Environment Variables

Set up your credentials as environment variables:
VariableRequiredDescription
DEEPSLATE_VENDOR_IDYesYour Deepslate vendor ID
DEEPSLATE_ORGANIZATION_IDYesYour Deepslate organization ID
DEEPSLATE_API_KEYYesYour Deepslate API key
ELEVENLABS_API_KEYNoElevenLabs API key for server-side TTS
ELEVENLABS_VOICE_IDNoElevenLabs voice ID
ELEVENLABS_MODEL_IDNoElevenLabs model (e.g., eleven_turbo_v2)
Never expose your Deepslate or ElevenLabs API keys to clients. This plugin is for server-side use only.

Quick Start

import asyncio
import os

import aiohttp
from dotenv import load_dotenv

from pipecat.pipeline.pipeline import Pipeline
from pipecat.pipeline.runner import PipelineRunner
from pipecat.pipeline.task import PipelineParams, PipelineTask
from pipecat.transports.daily.transport import DailyParams, DailyTransport

from deepslate.pipecat import DeepslateOptions, DeepslateRealtimeLLMService, ElevenLabsTtsConfig

load_dotenv()

async def main():
    async with aiohttp.ClientSession() as session:
        room_name = os.environ["DAILY_ROOM_URL"].split("/")[-1]
        async with session.post(
            "https://api.daily.co/v1/meeting-tokens",
            headers={"Authorization": f"Bearer {os.environ['DAILY_API_KEY']}"},
            json={"properties": {"room_name": room_name}},
        ) as r:
            token = (await r.json())["token"]
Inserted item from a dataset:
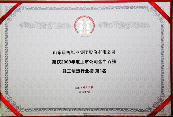荣获2009年度上市公司金牛百强轻工制造行业榜第一名

    transport = DailyTransport(
        room_url=os.environ["DAILY_ROOM_URL"],
        token=token,
        bot_name="Deepslate Bot",
        params=DailyParams(
            audio_in_enabled=True,
            audio_out_enabled=True,
            vad_enabled=False,  # VAD is handled server-side by Deepslate
        ),
    )

    llm = DeepslateRealtimeLLMService(
        options=DeepslateOptions.from_env(
            system_prompt="You are a friendly and helpful AI assistant."
        ),
        tts_config=ElevenLabsTtsConfig.from_env(),
    )

    pipeline = Pipeline([transport.input(), llm, transport.output()])
    task = PipelineTask(pipeline, params=PipelineParams(allow_interruptions=True))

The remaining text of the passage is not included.